Leadership IS Communication

by bsmith81@slu.edu

It would be nice to think that the president could solve all of our problems--but he can't. No one can. The role of a leader is to inspire us to greatness, let us create goals and foci for our inspiration, and quite frankly, boost us and unite us. The message and the delivery are both important. The president's job is to "tell us what the nation should and can be like". If we get overt or covert messages that the country is only for the super-wealthy, that it is perfectly fine to send our manufacturing jobs overseas, and that the economy is essentially sound, those who do not fit this reality will experience disillusionment. Since most people in this country do not live in this version of the United States (although it is real), they need to hear something that reflects their reality--the other United States with the high foreclosure rates, disappearing jobs and crumbling so-called American Dream. That dream was fake also, but "THAT DON'T MATTER" because we believed in it and worked for it--it formed our whole attitude.





Obama's job as leader is to inspire a very large country with big ideas. If you concede defeat in a pricey, exclusive resort with an all-white audience who booed at your opponent's victory, you are sending a message without words. (My heart broke for McCain--he deserved better!) Obama's speeches sound like empty rhetoric--except there is no such thing as empty rhetoric, especially with a speaker as skilled as Obama. If you don't need a message of hope and change, then of course the message will ring hollow to you. But, effective leadership must be larger than any specific message, the communication needs to set an overall tone.

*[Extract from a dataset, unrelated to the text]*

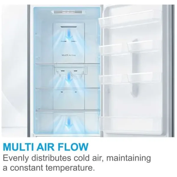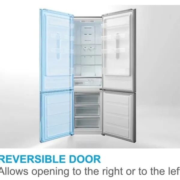 Kylskåpet Midea MDRB380FGE01A kombinerar avancerad teknik med noggrann design för att bevara matens färskhet och ge en bekväm användning. No Frost-systemet eliminerar isbildning, medan Super Cooling-funktionen snabbt kyler ner färska produkter. Med energiklass E får du hög prestanda med låg energiförbrukning. Den tysta driften och kapaciteten på 270 liter gör det till ett pålitligt val för hemmet.

Just think, one critical word from Bush about sending manufacturing and technical jobs overseas, and the practice would not have snowballed to the point where General Motors is bankrupt. Unfortunately, in Bush's America, no one works in that kind of job, so it didn't matter if they remain here or not. The rhetoric must be open ended enough to embrace multiple realities, with enough little "strategic ambiguity" to allow us to fill in the blanks with what WE can do. Then do that very thing.

Open-ended rhetoric like this empowers us. "Yes, We Can" has plenty of room for interpretation, whereas "Country First" means the decision has been made. Period.